You’re supposed to be able to use Partial Dependency Plots, (PDPs,) to show how each predictor affects the model’s target prediction. A flat line supposedly suggests that a predictor has little or no effect on the prediction. We have two flat lines. But those 37 and 32 records definitely do have impact. Those two facts together are supposed to tell me there are other relationships not captured within this data set. Ok, I knew that going in.
No, this doesn’t help my intuition. I wish we were practicing on a dataset with stronger relationships so I could see more visible patterns and get a feel for what relationships look and feel like. This dataset doesn’t have strong relationships.
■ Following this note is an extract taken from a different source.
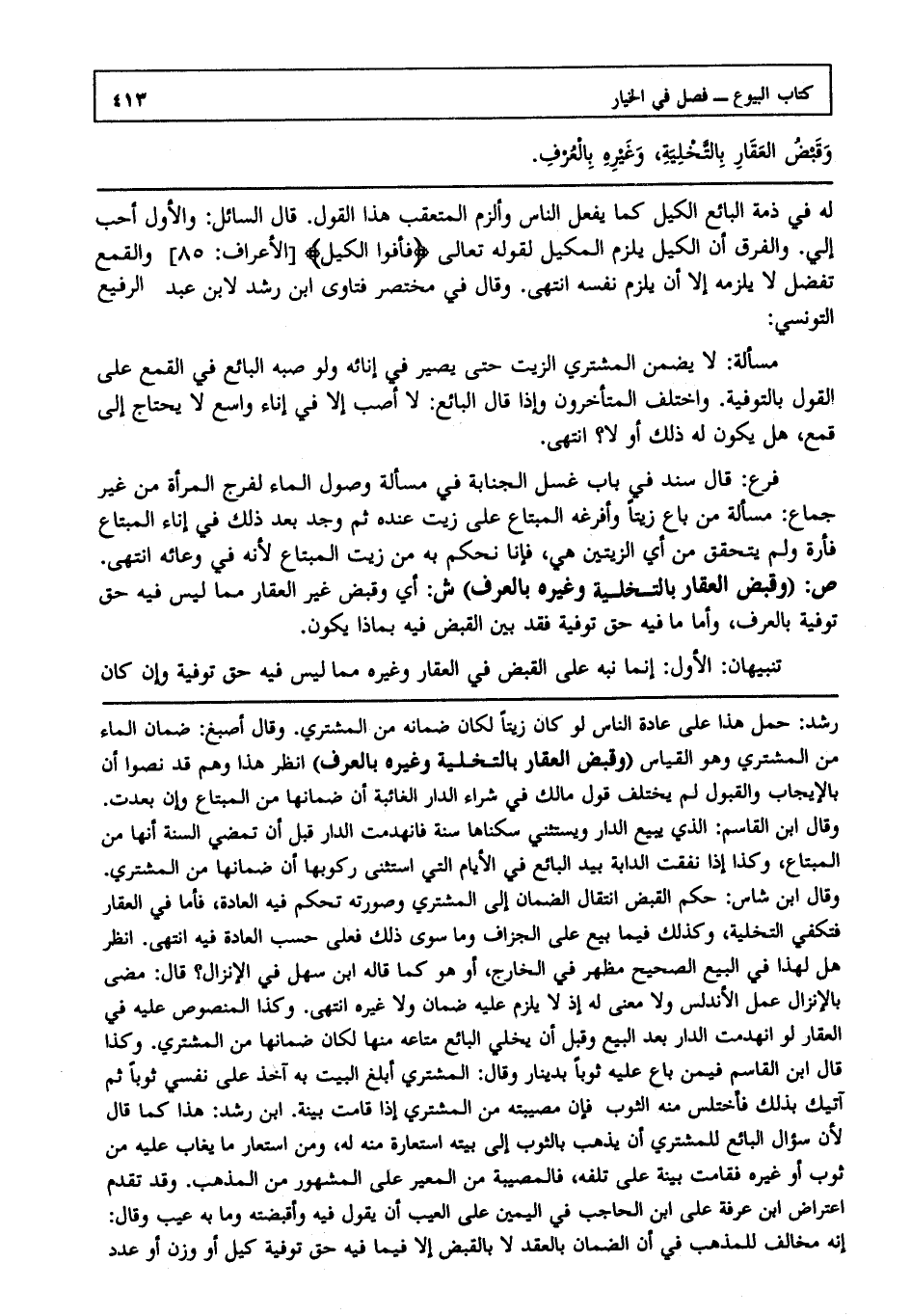فرع: قال سند في باب غسل الجنابة في مسألة وصول الماء لفرج المرأة من غير جماع مسألة من باع زيتا وأفرغه المبتاع على زيت عنده، ثم وجد بعد ذلك في إناء المبتاع فأرة، ولم يتحقق من أي الزيتين هي فإنا نحكم به من زيت المبتاع؛ لأنه في وعائه انتهى.ص: (وقبض العقار بالتخلية وغيره بالعرف) ش: أي وقبض غير العقار مما ليس فيه حق توفية بالعرف، وأما ما فيه حق توفية، فقد بين القبض فيه بماذا يكون. تنبيهات: الأول: إنما نبه على القبض في العقار وغيره مما ليس فيه حق توفية، وإن كان

It might be a good dataset to become an expert in, maybe a chemist or something, but for somebody trying to learn what relationships are supposed to look and feel like, this me little and doesn’t seem to register on any intuition.
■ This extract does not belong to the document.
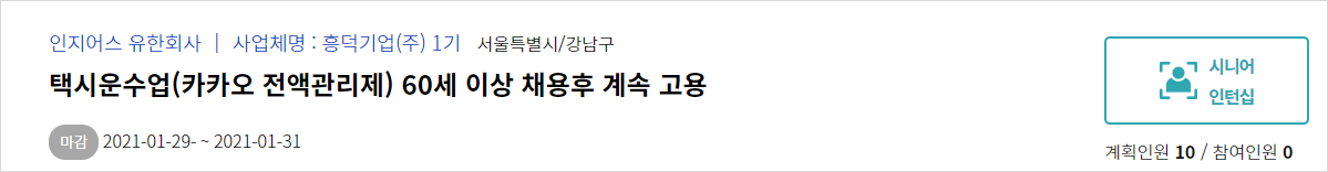 최근에는 인지어스 유한회사에서 서애운수 1기를 모집하였으며, 서울시 서초구를 근무지역으로 직무내용은 마을 버스 운행이며, 시니어인턴십 3개월 운영 후 계속 고용 유지, 모집연령대는 60대, 급여조건은 회사 내규에 한하여 4대보험과 정규직전환, 경조사 등의 혜택이 주어집니다.

All good though, I learned a lot about looking up results.
top_important_vars <- rownames(impRf)[order(-impRf$Overall)][1:3]
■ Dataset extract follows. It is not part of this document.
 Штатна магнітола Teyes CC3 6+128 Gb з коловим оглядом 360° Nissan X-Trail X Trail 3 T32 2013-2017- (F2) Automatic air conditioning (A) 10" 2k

pdp_plot1 <- ggplot(partial(rfModel, pred.var = top_important_vars[1]), aes(x = ManufacturingProcess32, y = yhat)) +
geom_line() +
ggtitle(paste("Partial Dependence Plot for", top_important_vars[1])) +
xlab(top_important_vars[1]) +
ylab("Partial Dependence")
pdp_plot2 <- ggplot(partial(rfModel, pred.var = top_important_vars[2]), aes(x = top_important_vars[2], y = yhat)) +
geom_line() +
ggtitle(paste("Partial Dependence Plot for", top_important_vars[2])) +
xlab(top_important_vars[2]) +
ylab("Partial Dependence")
pdp_plot3 <- ggplot(partial(rfModel, pred.var = top_important_vars[3]), aes(x = top_important_vars[3], y = yhat)) +
geom_line() +
ggtitle(paste("Partial Dependence Plot for", top_important_vars[3])) +
xlab(top_important_vars[3]) +
ylab("Partial Dependence")
# Combine the plots side by side using patchwork
combined_plot <- pdp_plot1 + pdp_plot2 + pdp_plot3 +
plot_layout(ncol = 3)
# Print the combined plot
combined_plot